Filistin Halkının Parçalanmışlığı
Meltem Ataş
İsrail Filistin sorunu 1897'de İsviçre'nin Basel şehrinde toplanan birinci Siyonizm Kongresi ile başlayıp Kudüs'ün İsrail'in başkenti olarak resmen kabul edilmesi ile devam etmiştir.
14 mayıs 1948’de kurulan Filistin topraklarını işgal ederek kendini büyütmeye çalışan İsrail bana dokunmayan yılan bin yaşasın mantığı ile hareket ederken dünyanın sessizce izlediği bir ülke olarak daha ne kadar canileşeceği ve katliamlarının boyutunu nereye kadar taşıyacağı tüm dünyada yıllarca merak konusu olmuştur.
Elbette İsrail ile Filistin arasındaki bu mücadele dünyanın en uzun mücadelesi kabul edilmiştir. Yüzyıldır Filistin'e uygulanan sömürgecilik, sürgün, askeri işgal ve bunları takip eden insanları kendi kaderlerine terk etme durumu; kadın, erkek çocuk, bebek yaşlı, genç demeden canice katledilen insanların yürek yakan dramı ve katil İsrail'in sınır tanımaz acımasızlığı yıllarca çözümlenemez bir hal ile devam etmiştir.
Sadece İsrail değil elbette bu katliamların müsebbibi. Onun yandaşları Amerika, İngiltere ve Almanya sahnede yerini alırken başrollerden Amerikayı görmek şaşırtıcı olmamıştır. Sİlah bomba ve uçak gemileriyle mühimmat yardımı yapan Amerika İsrail'in en büyük destekçisi ve paydaşı olmuştur bu süreçte. Dünyadaki Hristiyan ülkeler İsrail'e destek vermeye devam ederken, müslüman ülkeler arasında Türkiye dışında tepki gösteren de olmamıştır ne yazık ki.

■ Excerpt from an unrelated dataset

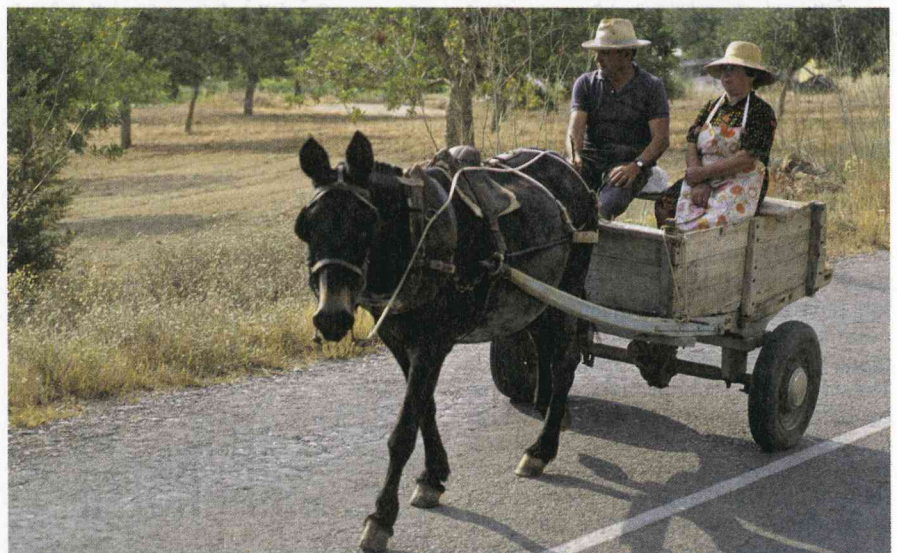
Off to join the Mittelstand

Raising these numbers is not easy, of course, despite a reported jump in demand for German-language tuition in peripheral economies. Job-seeking Europeans will never be as footloose as their American counterparts. But the gap can be narrowed. The periphery may now be the main target of structural reform, but streamlining relevant rules in the core economies would do as much to help euro-zone citizens. ■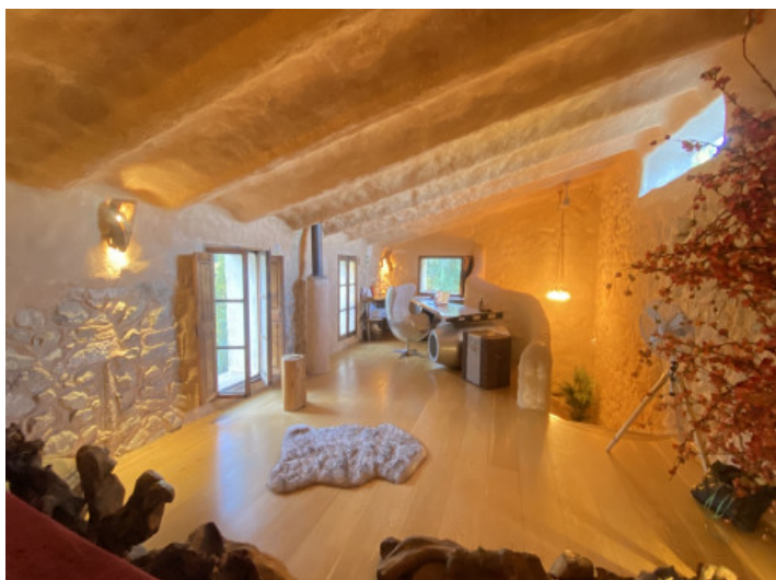
Living area and study

Orta doğuya hakim olma hayalleriyle yanıp tutuşan bu devletler, birleşip güç birliği oluşturarak katliam sahnelerinde boy göstermeye devam etmişlerdir. Günümüzde bile hala İsrail'in en büyük destekçisi olan Amerika’nın üst düzey yöneticilerinin İsrailli Yahudiler olması ,bu birlikte hareket etme arzusunu desteklemektedir .

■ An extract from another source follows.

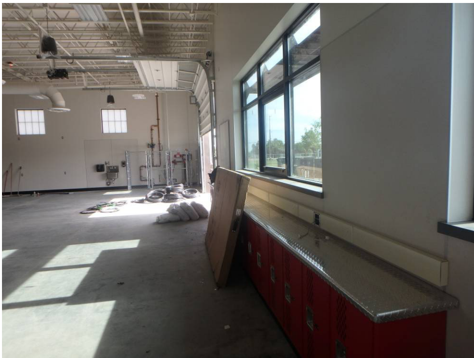
Looking north along the shop's east wall and lockers with diamond plate top

Bunun yanı sıra 1994'te Özgürlük Harekâtı görüşmeleri ile İsrail, Gazze, ve Batı Şeriadaki bazı şehirlerin Filistin'e bırakılması kararı bombanın fitilini
çekerken ; 2006 -2007 yılında El Fetih ile Hamas arasındaki çatışma gündeme damgasını vurmuş, Filistin için mücadele eden bu bağımsız güçlerin birbirine düşmesi; İsrail'in ekmeğine yağ sürmüştür.
Elbetteki Siyonistlerin hedefi vaadedilmiş topraklarda , Büyük İsrail Devletini kurmaktı. Bunun için planlarını adım adım uygulamaya devam etti. Bu da yıllarca sürecek zulmün devamlılığının göstergesiydi.
Filistin can çekişiyor elbette şehir yanıyor, silahlarla binlerce kişi taranıyor. Bombalarla parçalanan bedenler toplanacak halde bile değil belki. Genç yaşlı, kadın erkek, çocuk bebek ayrımı yapılmaksızın insanlar bombalara ve kurşunlar hedef oluyor ve bütün dünya sağır. İnsan haklarından dem vuranların konu müslümanlar olunca, tepkisizlikleri bizi hayretler içerisinde bırakıyor. İsrail'in bu alışılagelmiş vahşeti sizi şaşırtmasın Siyonist hedeflerin amacı Filistinli aileleri planlı bir şekilde ülkelerinden göndererek vaadedilmiş topraklarda İsrail devletini kurmaktır.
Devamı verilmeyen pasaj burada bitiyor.